One night, they arrived at the headquarters of the interim government that took over after Hasina’s ouster, to present their plea to Muhammad Yunus, the 84-year-old Nobel laureate who is now the country’s caretaker leader. One man, Babul Hawlader, his son’s photo hanging from his neck, sat cross-legged in the middle of the road leading to the main gate.

Inside the headquarters, Sanjida Islam Tulee, whose brother Sajedul Islam Sumon disappeared in 2013, described the group’s demand for justice. Their mother had become the core of a protest group called Mayer Daak, or “the mother’s call,” which stayed on the streets for years. Now the old woman sat quietly next to Yunus, hugging a framed portrait of her missing son.

“We are done waiting,” her daughter said to Yunus. “What we want is something concrete.”

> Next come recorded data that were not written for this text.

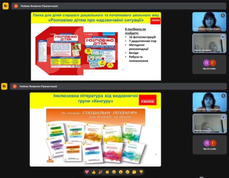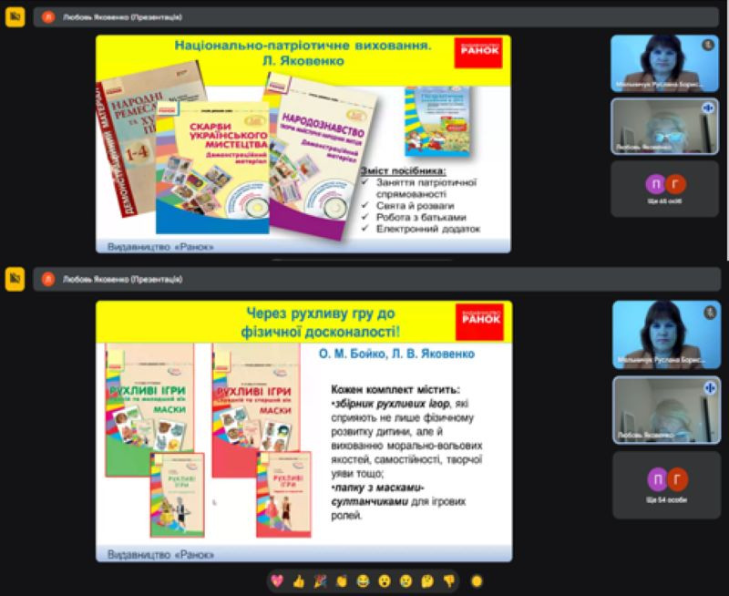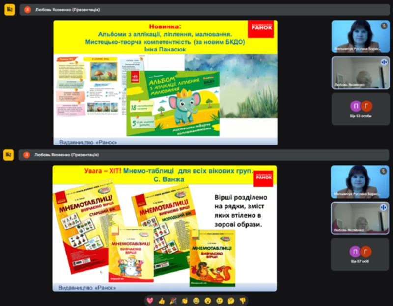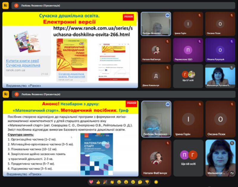 Яковенко Любов Василівна, промоутер-методист видавництва «Ранок», автор методичних посібників для дошкілля, дитяча письменниця, лауреатка Міжнародних літературних конкурсів та звання «Золоті письменники України», яскраво розкрила свою тему «Новинки та хіти дошкільного сектору видавництва «Ранок» і їх можливості у формуванні освітніх компетентностей у дошкільнят», докладно інформуючи учасників обласного вебінару про особливості різних навчально-методичних комплектів, посібників, збірників видавництва віповідно до освітніх напрямів дошкільної освіти та поділилась своїми авторськими надбаннями.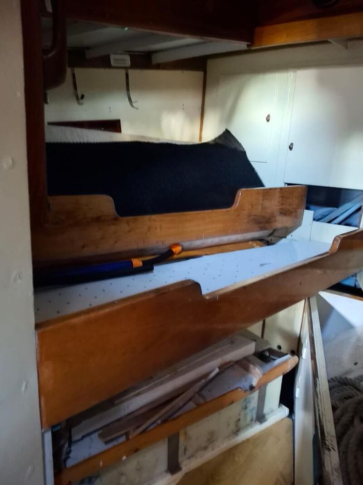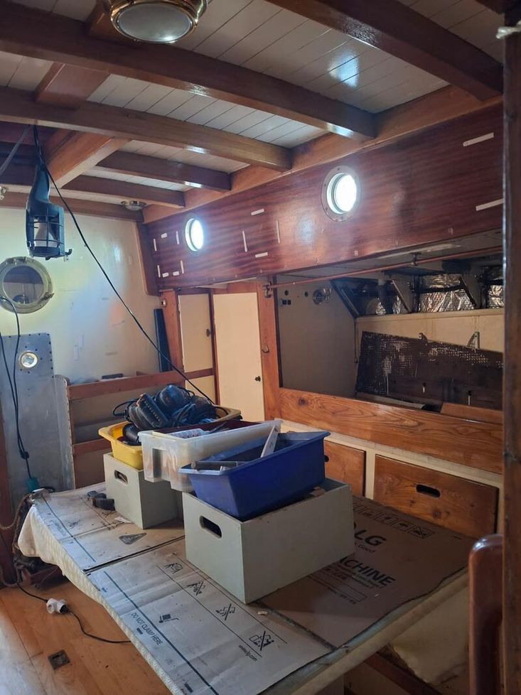 Also, photo of interior show it as in its current condition with engine area being worked on hence sound insulated cover and bunk area not in situe.
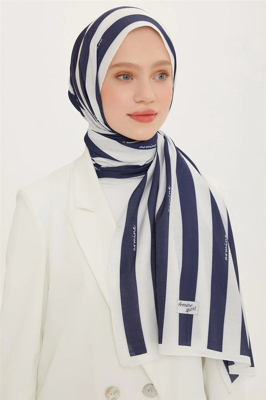 Armine Sport Modal Şal Lacivert-Beyaz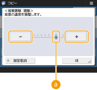 背景濃度の調整のように数値を増減させて設定するものは、<->/<+>などの左右に配置されたボタンを押して調整します。ボタンを押すたびにスライダー()が移動し、数値が増減します。ボタンを押し続けると、値をすばやく変化させることができます。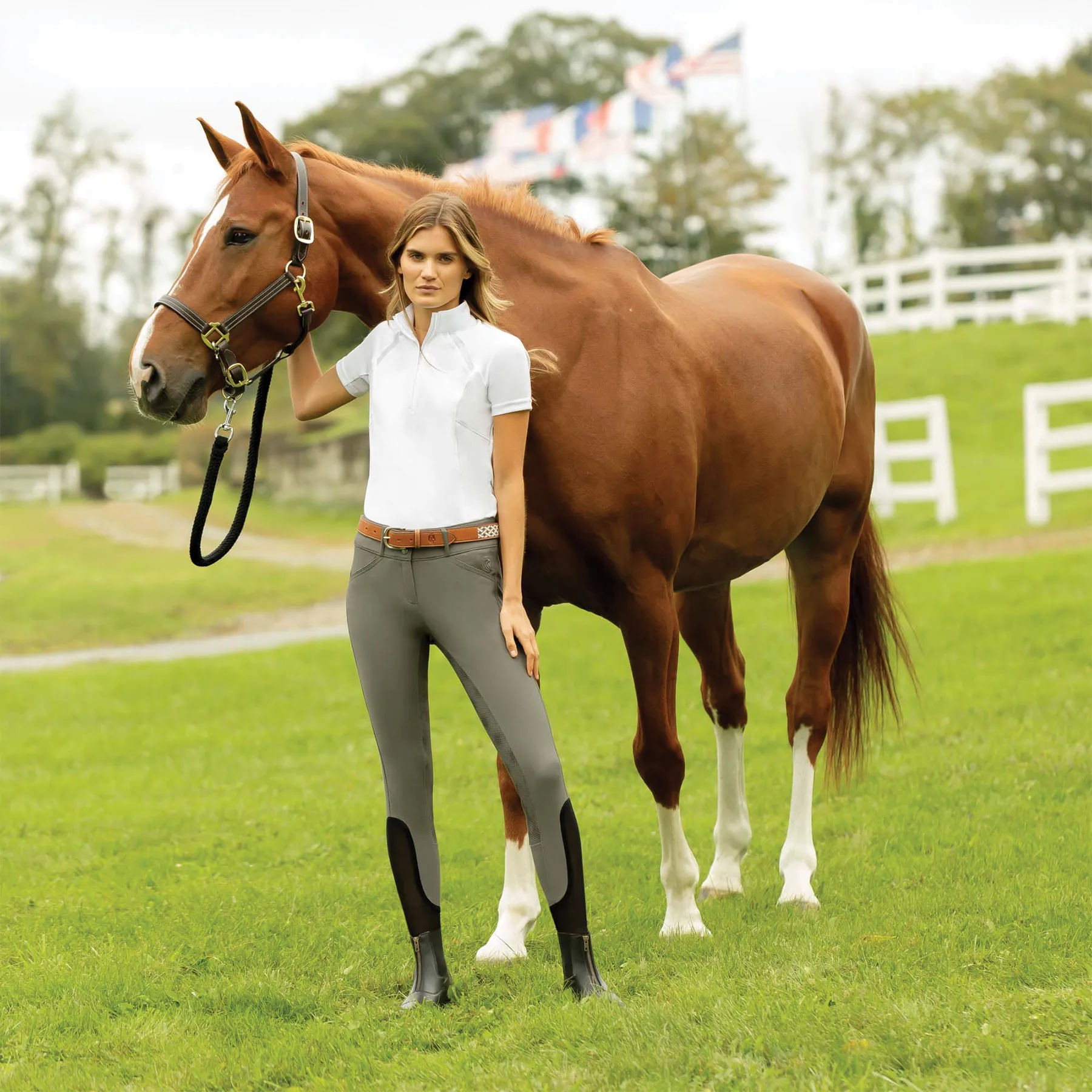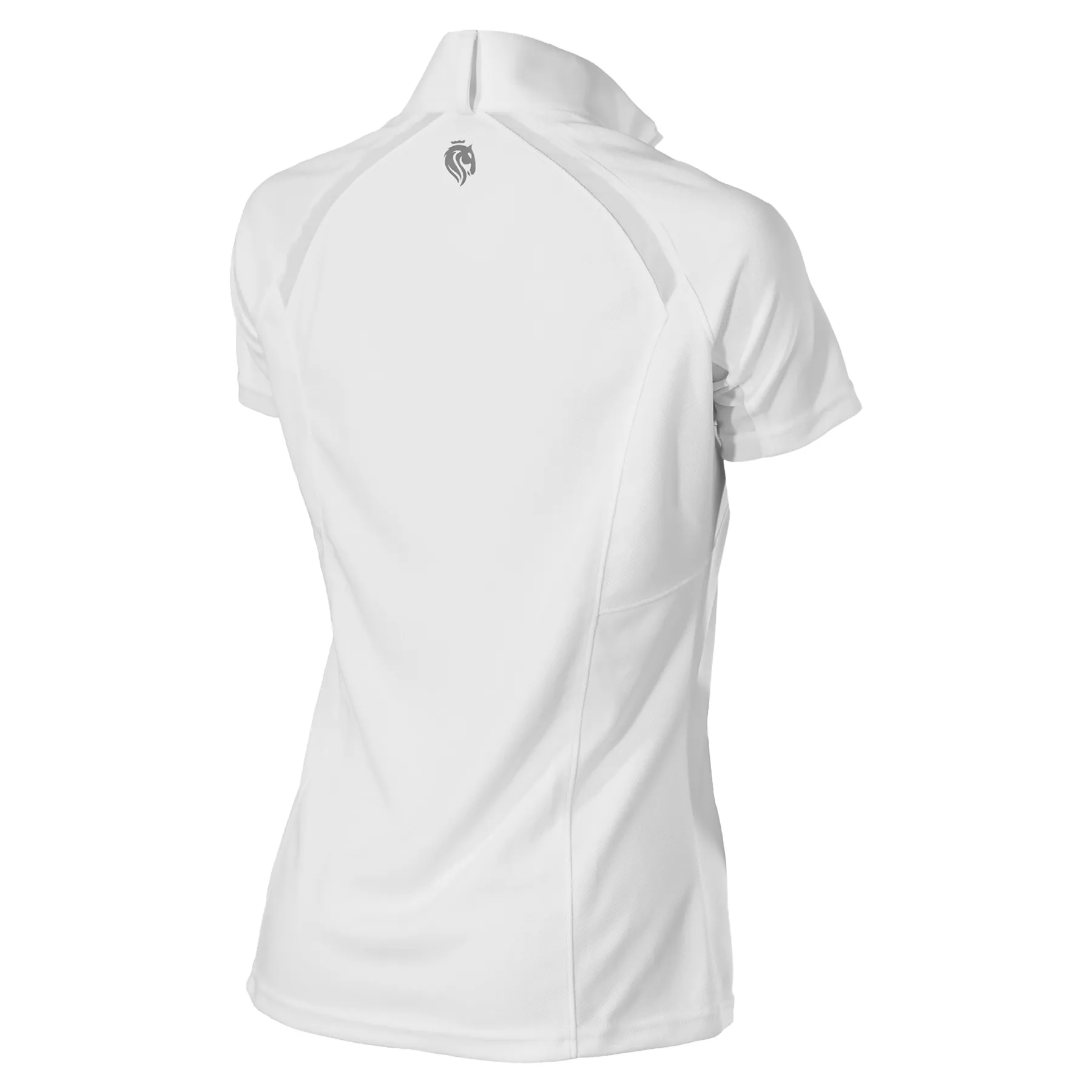 The Equinavia Ladies Ingrid Short Sleeve Show Shirt combines performance-ready features with elegant style—all at an unbeatable value. Lightweight and breathable, this shirt is built to keep you cool under pressure with mesh shoulder inserts and moisture-wicking fabric. Its contoured fit, stock tie loop, and hidden zipper placket give it a clean, polished look under your show coat.

He told the women that his government was a result of their protest: Their persistence for all those years had helped inspire the student protesters and others to rise up and topple Hasina.

If the country’s interim leaders cannot pursue justice for them, Yunus said, “then this government has no meaning.”

In the weeks that followed, Yunus signed an international treaty on enforced disappearances and formed a committee to investigate the crimes in Bangladesh. But in a sign of the difficult task ahead, and of how justice and reconciliation have been elusive throughout Bangladesh’s history, he was measured in his promise to the women.

“Keep your hopes up,” Yunus told them, “but I can’t say what the result will be.”